We further examined whether the TRBV genes used more frequently by public clonotypes are associated with autoimmune diabetes. Thus, CDR3 length spectratyping or immunoscope analysis was performed on PaLN of female 10-week-old NOD mice and compared with the CDR3 spectratype of age-matched diabetes-resistant female NOR mice. Total mRNA was extracted from the cells and Vβ-Cβ products amplified by RT-PCR using primers specific for the TCR Vβ chains expressed by public clonotypes. Each Vβ-Cβ product was further subjected to a run-off PCR using fluorescent Jβ primers in order to have the TCR spectratype for the Vβ-Jβ pairing used by public clonotypes. Although the spectratype of each Vβ-Jβ pairing tested displayed a Gaussian-like distribution in PaLN of both NOD and NOR mice (Supplemental Figure 2), we found that 36 CDR3 peaks within eight different Vβ (TRBV) genes are significantly larger in the NOD mice compared to NOR mice. Furthermore, expansion of these T cells were observed in almost all NOD mice suggesting dominant responses. Interestingly, Vβ8.2 (TRBV13-2) was the most perturbed of the TRBV genes tested with 13 distinct CDR3 peaks that are significantly larger in NOD mice (Table 5). Vβ11 (TRBV16) is significantly different at six peaks, while Vβ4 (TRBV2) and Vβ12 (TRBV15) are significantly different at four peaks. The Vβ1 (TRBV5), Vβ2 (TRBV1), Vβ6 (TRBV19), and Vβ8.1 (TRBV13-3) are significantly different at three or fewer peaks. These data are consistent with our previous report indicating that both Vβ8.2 (TRBV13-2) and Vβ8.1 (TRBV13-3) are highly perturbed in 10-week-old and diabetic NOD mice compared with 4-week-old NOD mice (Marrero et al., 2012). The comparisons of CDR3 length spectratypes between NOD and NOR mice for the Vβ (TRBV) tested are shown in Supplemental Fig. 2.
Table 5.
Analysis by CDR3 length spectratype of PaLN cells from NOD and NOR micea
TRBV gene | Vβ family |
Jβ family |
Total of expanded peaksc |
|||||||||
---|---|---|---|---|---|---|---|---|---|---|---|---|
Jβ1–1 | Jβ1–2 | Jβ1–5 | Jβ1–6 | Jβ2–1 | Jβ2–2 | Jβ2–3 | Jβ2–4 | Jβ2–5 | Jβ2–7 | |||
TRBV5 | Vβ1 | 1b | 1 | 1 | 0 | 3 | ||||||
TRBV1 | Vβ2 | 0 | 0 | 1 | 0 | 0 | 0 | 1 | 0 | 2 | ||
TRBV2 | Vp4 | 2 | 1 | 1 | 0 | 0 | 4 | |||||
TRBV19 | Vβ6 | 0 | 0 | 1 | 1 | 2 | ||||||
TRBV13-3 | Vβ8.1 | 0 | 1 | 0 | 1 | 2 | ||||||
TRBV13-2 | Vβ8.2 | 1 | 3 | 0 | 0 | 3 | 1 | 3 | 0 | 0 | 2 | 13 |
TRBV16 | Vβ11 | 3 | 0 | 2 | 0 | 0 | 1 | 6 | ||||
TRBV15 | Vβ12 | 0 | 1 | 0 | 1 | 1 | 1 | 4 | ||||
Total | 6 | 3 | 0 | 1 | 6 | 1 | 8 | 1 | 4 | 6 | 36 |
Only the TCR Vβ chains used more frequently by public clonotypes are shown.

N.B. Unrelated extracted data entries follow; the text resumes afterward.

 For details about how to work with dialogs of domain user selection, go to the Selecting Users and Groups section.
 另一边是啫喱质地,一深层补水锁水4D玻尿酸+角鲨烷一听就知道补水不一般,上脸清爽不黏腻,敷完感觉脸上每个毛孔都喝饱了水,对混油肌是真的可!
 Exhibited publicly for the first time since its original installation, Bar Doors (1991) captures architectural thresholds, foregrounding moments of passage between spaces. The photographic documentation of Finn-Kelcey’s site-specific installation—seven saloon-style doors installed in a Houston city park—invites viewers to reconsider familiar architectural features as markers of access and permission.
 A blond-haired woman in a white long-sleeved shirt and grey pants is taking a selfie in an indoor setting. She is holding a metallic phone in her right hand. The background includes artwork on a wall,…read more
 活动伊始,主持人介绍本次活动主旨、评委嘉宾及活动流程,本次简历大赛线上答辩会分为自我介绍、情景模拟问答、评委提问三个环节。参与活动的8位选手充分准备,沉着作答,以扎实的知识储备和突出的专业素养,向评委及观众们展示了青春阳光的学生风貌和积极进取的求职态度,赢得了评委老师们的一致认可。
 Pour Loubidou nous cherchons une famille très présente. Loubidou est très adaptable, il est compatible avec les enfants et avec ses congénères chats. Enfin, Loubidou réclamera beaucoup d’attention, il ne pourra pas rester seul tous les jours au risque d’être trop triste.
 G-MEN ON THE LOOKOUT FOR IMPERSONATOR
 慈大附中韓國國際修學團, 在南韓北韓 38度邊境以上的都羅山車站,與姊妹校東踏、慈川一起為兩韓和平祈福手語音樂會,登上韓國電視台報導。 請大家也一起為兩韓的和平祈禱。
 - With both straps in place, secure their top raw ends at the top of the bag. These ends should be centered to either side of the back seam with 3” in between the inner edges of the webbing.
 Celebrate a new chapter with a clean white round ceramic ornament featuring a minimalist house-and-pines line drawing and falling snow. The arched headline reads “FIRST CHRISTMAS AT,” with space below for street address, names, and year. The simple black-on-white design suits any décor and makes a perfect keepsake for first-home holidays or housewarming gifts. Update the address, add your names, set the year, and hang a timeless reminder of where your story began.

Number of peaks within that specific Vβ-Jβ spectratype that are significantly expanded in PaLN of the NOD mice compared with NOR mice.
Total number of peaks within the entire spectratype for that specific TCR Vβ chain that are significantly expanded in the NOD mice compared with NOR mice.
10-wk-old NOD mice, n=10–17; 10-wk-old NOR mice, n=5–10.
Collectively, our results show that several public clonotypes were found between different mice within the PaLN-memory CD4+ TCRβ repertoire, suggesting that common antigens may trigger their selection in NOD mice that contribute to the development of T1D. These public TCRβ sequences can potentially be used as biomarkers to identify pathogenic T cells.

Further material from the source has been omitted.